AMICITAS FLIGHT THREE – MISSION DAY 22
ARES III SOL 26
Cherry Berry shifted the limp space suit on her back and switched on the water spigot, counting to fifteen slowly as the trickle of water poured from the drinking-straw onto the reddish-gray dirt at her hooves. For once things were going smoothly. Everypony was too busy to argue or make trouble, which meant she could focus on her own task and relax.

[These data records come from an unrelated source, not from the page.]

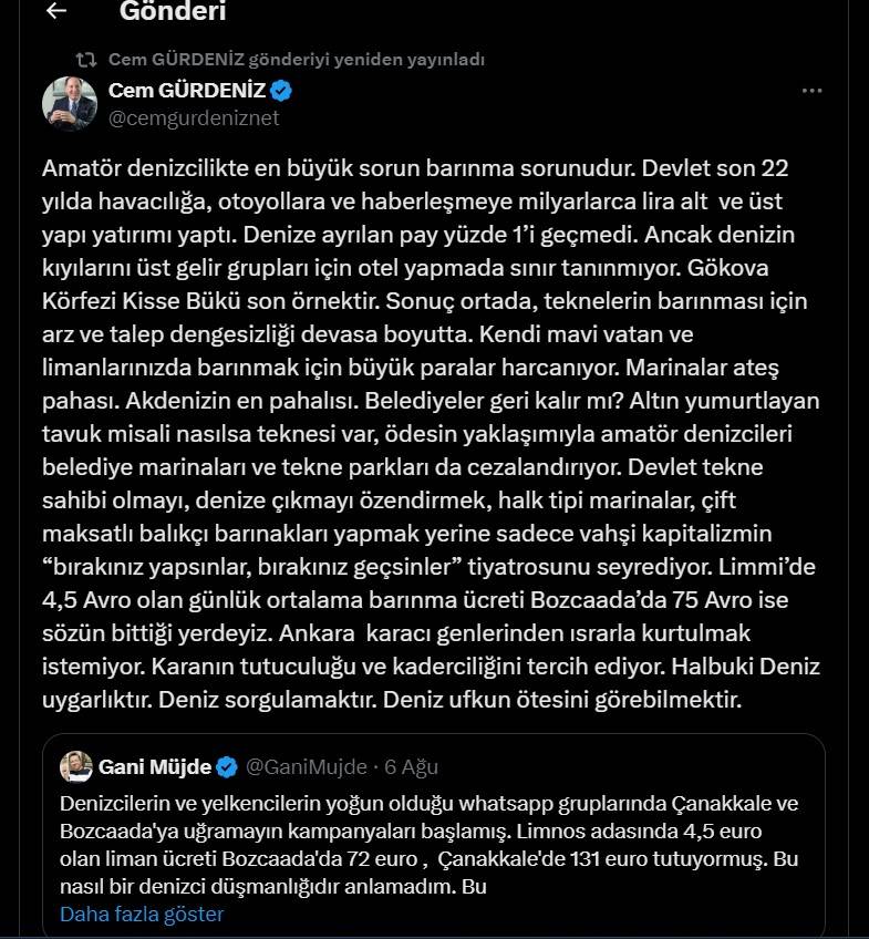 Denizcilerin ve yelkencilerin yoğun olduğu whatsapp gruplarında Çanakkale ve Bozcaada’ya uğramayın kampanyaları başlamış. Limnos adasında 4,5 euro olan liman ücreti Bozcaada’da 72 euro, Çanakkale’de 131 euro tutuyormuş. Bu nasıl bir denizci düşmanlığıdır anlamadım. Bu insanların çoğu emekliliğini denizde geçirmeye çalışan insanlar. Daha acıklısı her iki Belediye de CHP belediyesi. İnsaf yahu…@bozcaada_bld@ckalebelediye@canakkale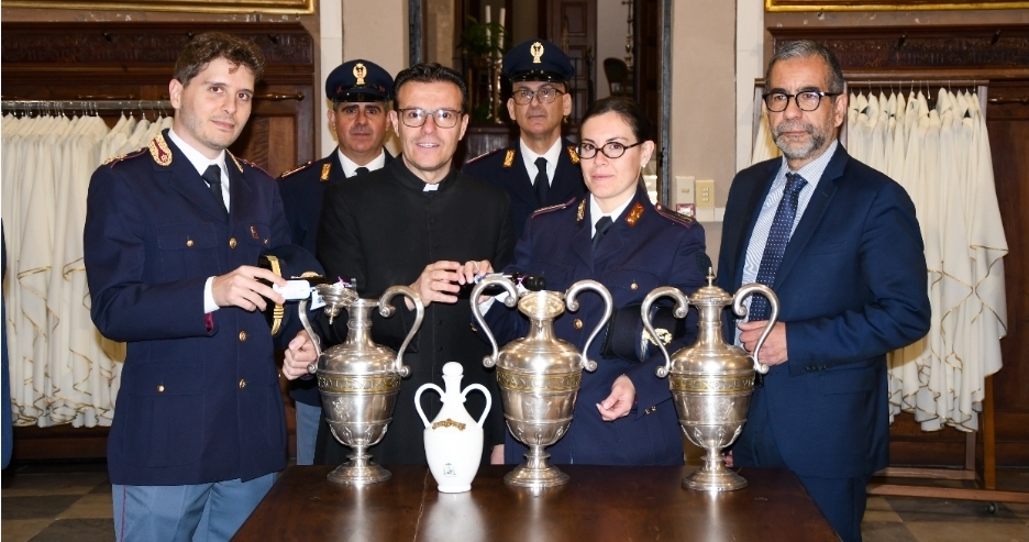 La Polizia di Stato ha consegnato a Monsignor Alessandro Floris, presso la Cattedrale di Oristano, l’Olio Santo di Capaci, destinato ad essere utilizzato in occasione della prossima Messa Crismale del Giovedì Santo, durante la quale verrà consacrato come Sacro Crisma.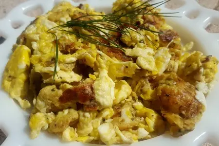 - Fold into the mixed eggs until the crust pieces are covered with egg.
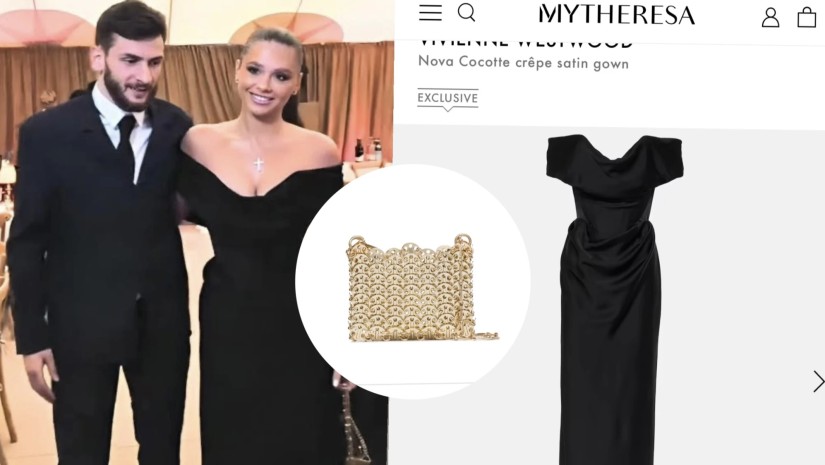 კაბა, რომელიც ხვიჩა კვარაცხელიას მეუღლემ საქველმოქმედო საღამოზე მოირგო ძალიან ჰყავს Vivienne Westwood-ის Nova Cocotte crêpe satin gown მოდელს.

The next three days had been planned out. Tomorrow would be more soil cultivation, digging up the treated soil and spreading it on top of half the remaining Martian dirt. Everypony would be involved in that. For the next two days, the castaways would split into two teams. She, Mark, and Fireball would spend the two days out at the crash site doing a thorough walk-over of the hill atop the crystal cave, looking for cracks, fault lines, or other hazard that might cause trouble once they began work inside. Starlight Glimmer, Dragonfly and Spitfire would stay at base and carefully disassemble the starboard side of the ship’s hull around the engineering deck, removing its airlock and extracting the emergency electric heaters.
Fireball and Spitfire had wanted to exchange mission assignments, and each had made a good case. Fireball’s strength would be useful in disassembling the ship safely, and Spitfire had experience in exploring and inspecting terrain. But Cherry had held firm. Spitfire absolutely had to be wherever risk of physical injury was greater, and in this case that was the salvage project. And since Starlight and Dragonfly were also both needed for any work on the ship, that left no one to fill Fireball’s spot on the site survey team. Thankfully both accepted the assignments without any further argument.
Now, while Cherry and Fireball applied water to the dirt to prepare it for mixing with the live soil (and even Cherry, who lacked her family’s talent for farming, could sense how horribly sterile the dirt brought in from outside was), Dragonfly and Spitfire thrashed out safety protocols for the salvage operation. Starlight was sketching some sort of magic array on a whiteboard, while Mark carefully inspected the double handful of potatoes he’d had in storage. He’d cut two of the twelve apart already, each into four pieces, and he was planning cuts on the third one with the same expression Cherry had seen Rarity use when working with a particularly expensive and hard-to-find fabric.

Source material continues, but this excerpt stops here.